▸ Task objective
Nothing but the records, transcribed exactly, should appear in the answer; leave the pictures out.
##### Materials provided #####
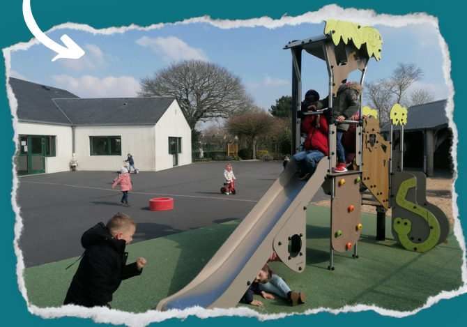
Structure de motricité
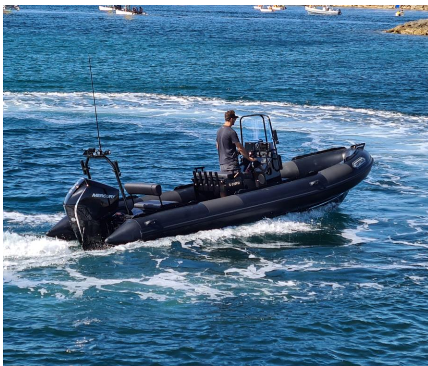
Exemple de réalisation : Commander 6.70
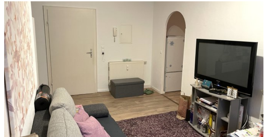
Wohnung HSN 45 OG (4)
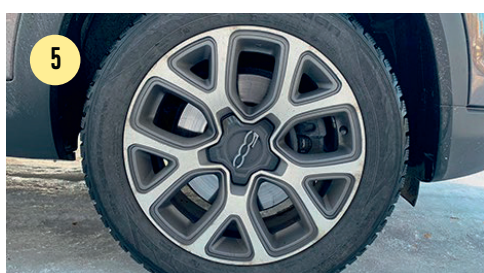
Foto sõiduki rehivist.
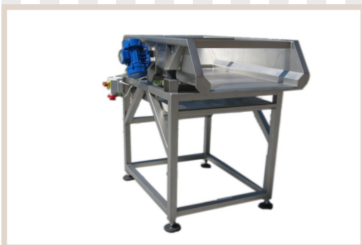
DISTRIBUTORI SGRONDANTI Distributor to drain Distributeur pour le drainage
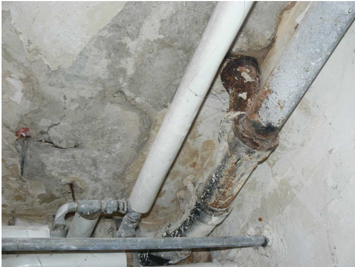
F93 Detail výrazného zatečenia stropu chodby pod kuchyňou v okolí inšalačných prestupov
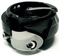
Hook 32 mm Ø Short thread trimmer DLC-coated Completed assembly - 0867 150864 Greifer 32 mm Ø Kurzfasenabschneider DLC-beschichtet Gesamte Baugruppe - 0867 150864
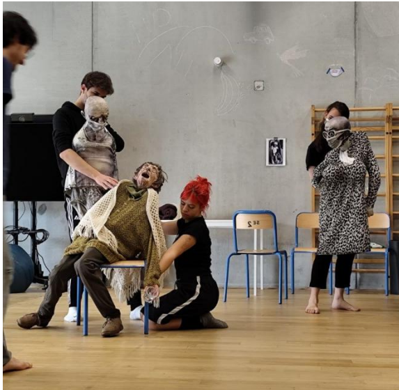
Abbildung 7 Gruppenübung; hier wird viel gelacht, doch der Schein trügt - niemandem kann man trauen
#####
▸ Output for this exercise
Structure de motricité
Exemple de réalisation : Commander 6.70
Wohnung HSN 45 OG (4)
Foto sõiduki rehivist.
DISTRIBUTORI SGRONDANTI Distributor to drain Distributeur pour le drainage
F93 Detail výrazného zatečenia stropu chodby pod kuchyňou v okolí inšalačných prestupov
Hook 32 mm Ø Short thread trimmer DLC-coated Completed assembly - 0867 150864 Greifer 32 mm Ø Kurzfasenabschneider DLC-beschichtet Gesamte Baugruppe - 0867 150864
Abbildung 7 Gruppenübung; hier wird viel gelacht, doch der Schein trügt - niemandem kann man trauen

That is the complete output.